4.5 Processors and processor pools

  The processor table can be used to allocate a whole processor to certain processes. Usually the node singleton will be the owner of every processor in the system and will delegate ownership to user level (or in-kernel) schedulers.

Processor pools provide Processors. Usually a processor will be allocated to a user-level (or dynamically loaded in-kernel) scheduler which will in turn implement a processor allocation policy.

<Off processor table. >=
class off_ProcTbl: public off_HWCompResource {
public:
  // Allocates n processors. 
  off_Processor *alloc(off_Protection *prot,natural_t n=1,
                       off_proc_id_t at=OFF_EU_ID_NULL);
  // Deallocates the n contiguous processors starting at p. 
  void free( off_Processor *p, natural_t n=1 );
  //Gets a processor from its  number.
  off_Processor *operator [](off_proc_id_t n) const;
};
Defines off_ProcTbl (links are to index).

where

<Off processor identifier. >=
typedef off_eu_id_t off_proc_id_t;
Defines off_proc_id_t (links are to index).

To help schedulers, processors provide some methods which we now discuss.

First, a new shuttle can be explicitly installed in the processor using the switch_to method.
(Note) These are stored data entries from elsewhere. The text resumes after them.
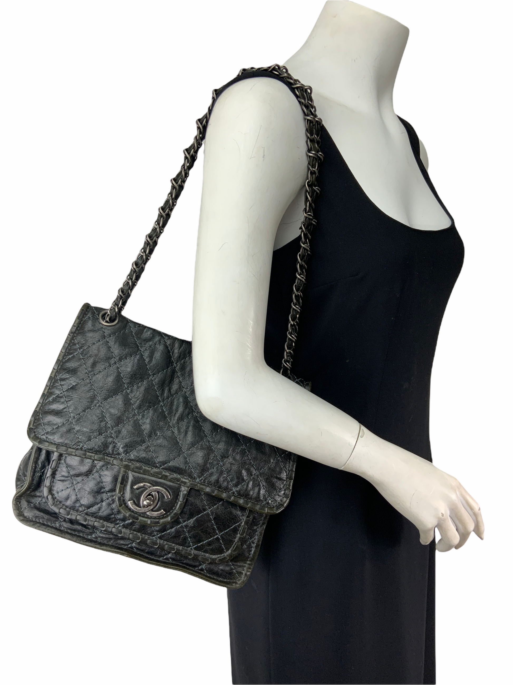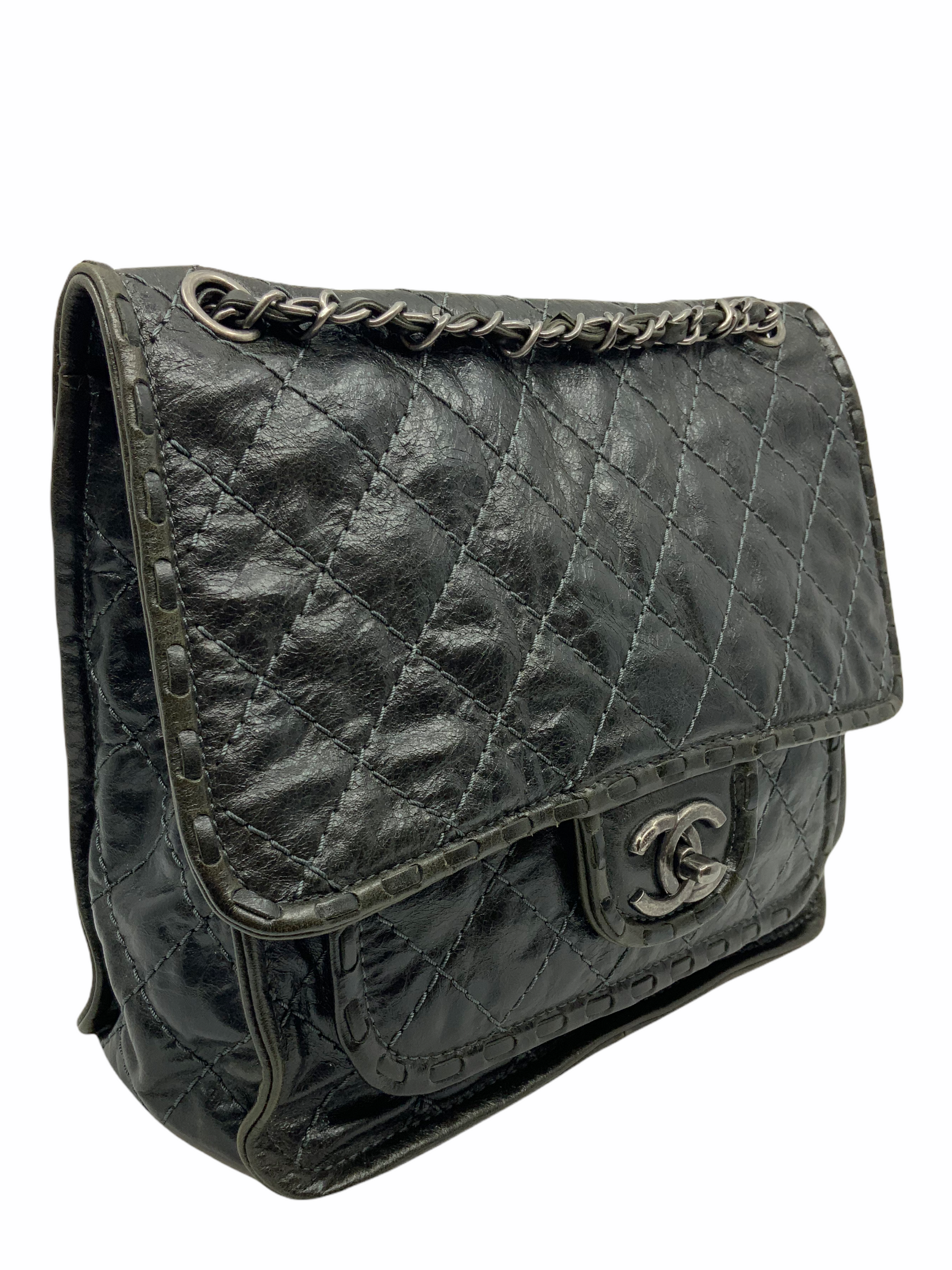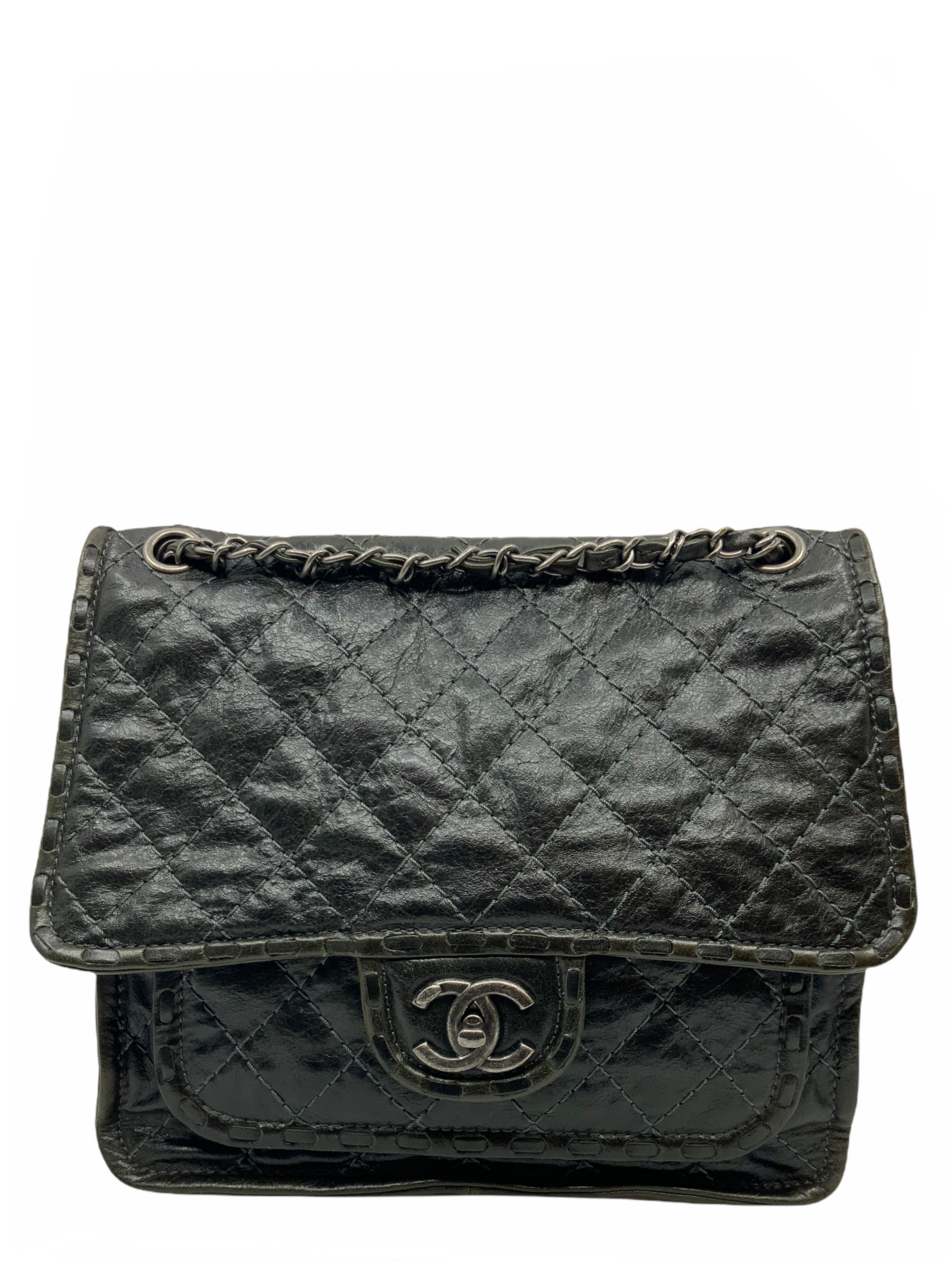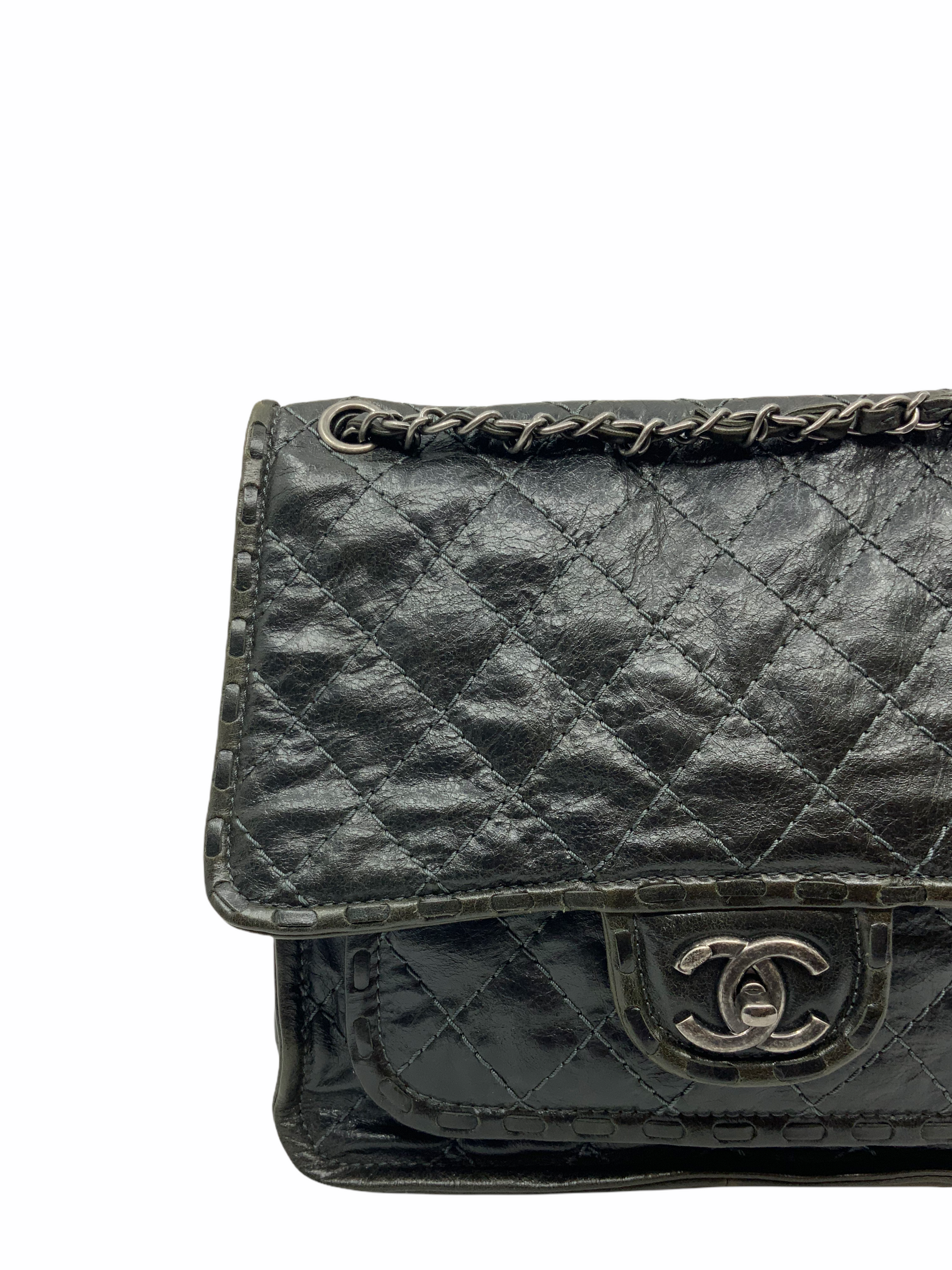 Add this Chanel Quilted Calfskin Whipstitch Flap Bag 2015 to your collection today! This chic and sophisticatedshoulder bag has a sleek design and is beautifullycrafted fromblack distressed quiltedcalfskin with elegant ruthenium hardware.Featuring double chain link straps that can be long or doubled,a whipstitch trim detail around the edges of the bag and a signature 'CC' turn-lock to secure it. Shop designer handbags by Chanelat.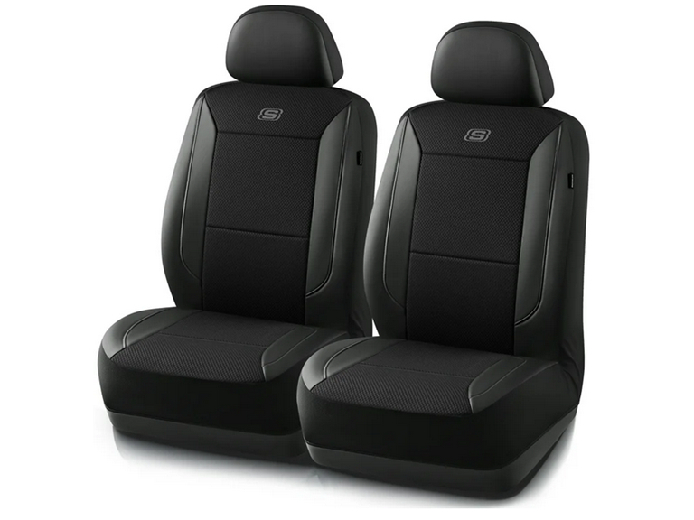 In the box: (1 Pair) Skechers 24SC236 Memory Foam™ Leather Car Seat Covers, Air Cool Mesh Thick Seat Covers - Black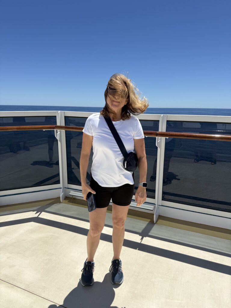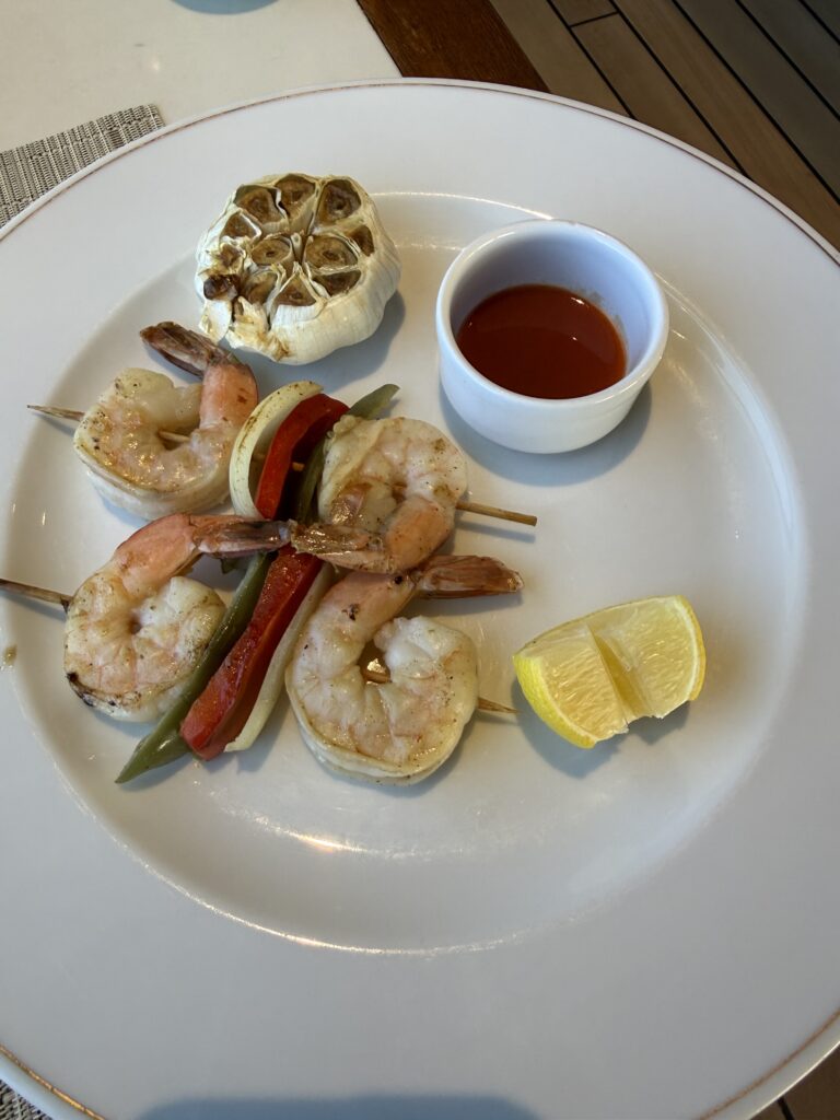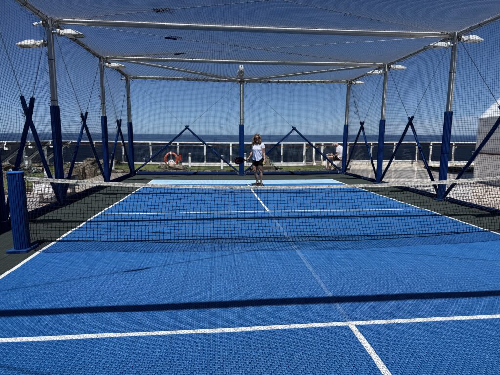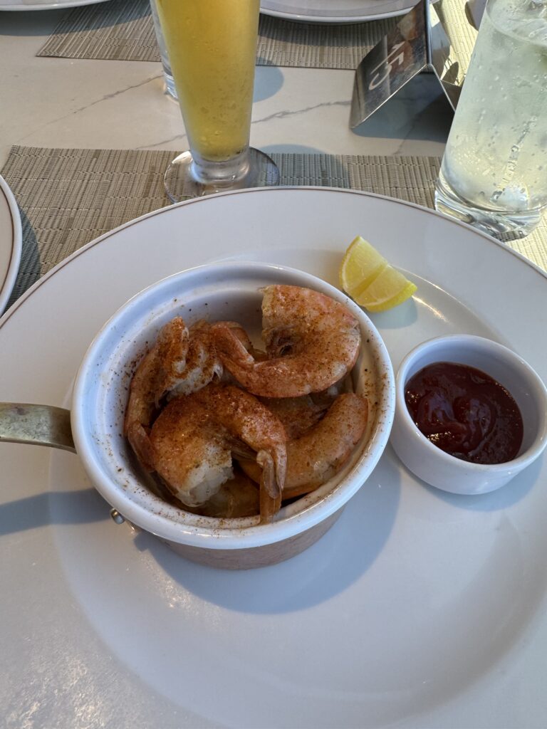 Lunch was once again at the Pool Grill. John repeated his favorite shrimp and jalapeño brochette and sampled the Tex-Mex buffet, while I went with peel-and-eat shrimp and a turkey wrap. Afterward, we wandered up to the top deck and tried out the pickle ball court. It was too windy for actual pickle balls, so we improvised with paddles and a tennis ball. Neither of us has ever played pickle ball, so it was more entertaining than skillful—but fun nonetheless!

This is to avoid using run queues when they are not needed. Thus, multiprocessing is an optional feature. Dedicated single-threaded nodes can avoid using run queues at all (no processor multiplexing code will run).

When they are, a run queue is an ordered collection of shuttle identifiers. Each identifier will be accompanied by the number of clock ticks it is expected to run.

The queue will be run in a round robin fashion until the occurrence of an event of interest to the scheduler. To let the processor know when to stop the run queue and notify to the scheduler notify should be used. It specifies which events are to cause the stop and also, who should be notified (either by portal or by direct function call when inside the kernel).

In any case, get_current will return a pointer to shuttle being run (or to the last shuttle run, when idle).

<Off processor. >=
class off_Processor : public off_HWResUnit {
private:
   <Other private members of off_Processor. >
public:
   // Installs a new shuttle
   void switch_to(off_Shtl &new);
   // Executes a run queue
   void run(off_shtl_id_t s[], off_offset_t ticks[], natural_t n);
   // Arranges for the processor to notify the owner on this events
   void notify( off_sevent_t events, off_EventHandler sched);
   // Returns the current shuttle
   off_shtl_id_t get_current(void);

  <Other public methods of off_Processor. >
};
Defines off_Processor (links are to index).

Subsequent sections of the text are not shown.